Чок получился шпионский, неслышный. Как будто и не было его. Дочка же все это время спала. И в Моршанске — вместе с Моршанском. И в березовом перелеске, где не молиться б, а веселиться. Среди берез, чьи ветви и глянцевитые листья православного разреза свисали до самой машины, и среди подступающих к ним русских, моршанских, набирающихся солнца тяжелых хлебов.
Мы с другом и не молились. Но, как-то, и не веселились тоже.
В Москву «Волга» рванула, как дачница: домой!
…Сидел бы, предок, как гриб, под Моршанском, глядишь, и не раскулачили б после его потомков.

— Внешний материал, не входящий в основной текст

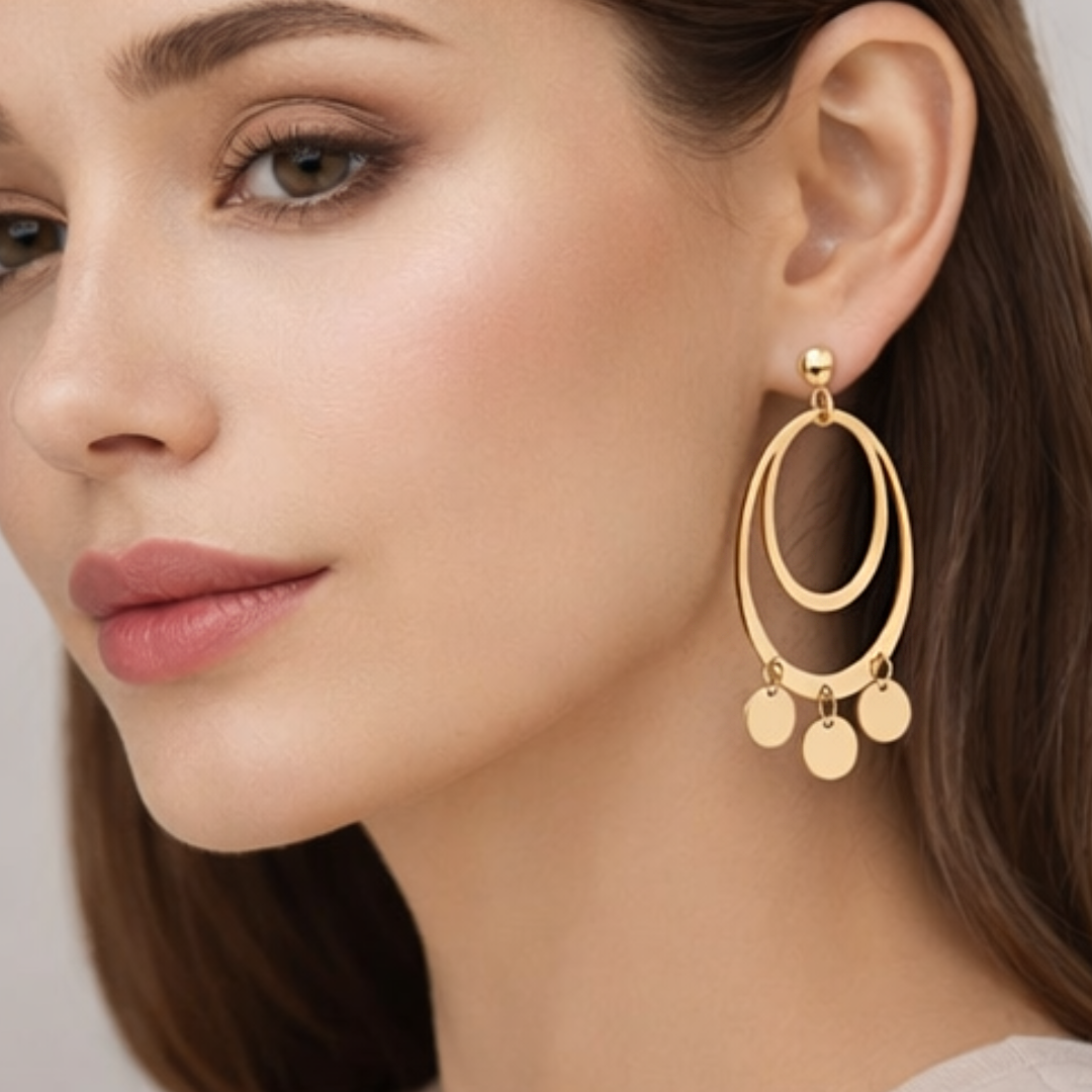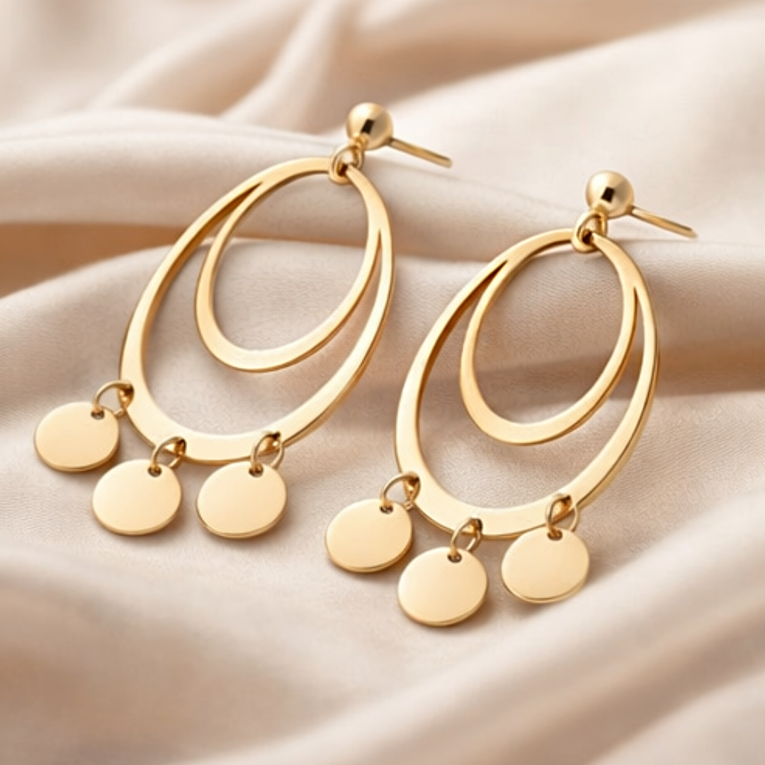 Złote Kolczyki Wiszące Owalne z Blaszkami – Lekkość ruchu i kobiecy blask

Подцепила же новая власть их круто, волоком. Бежали, дурни, от старой, чтобы попасть потом в ежовые объятия новой. В семнадцатом году князь Муса застрелился. Дед мой Владимир Лонгинович стал к тому времени управляющим — не то у самого Мусы, не то, скорее, у младшего брата его. В Шангиреевке, переименованной позже на русский лад в Садовое. Там и лежит где-то родная бабушка моя Александра Антоновна, ставшая к революции почти что помещицей. Во всяком случае возы с княжеским маслом из Ногайской степи возглавляла почему-то она. Масло в липовых бочонках направлялось в город Святой Крест, к ближайшей железнодорожной станции, чтобы потом, по рельсам, катить на Север: до Петербурга и даже дальше, вплоть до Берлина и Парижа, куда в восемнадцатом рванул наскорях и сам бездетный (бездетный ли?) Шангирей.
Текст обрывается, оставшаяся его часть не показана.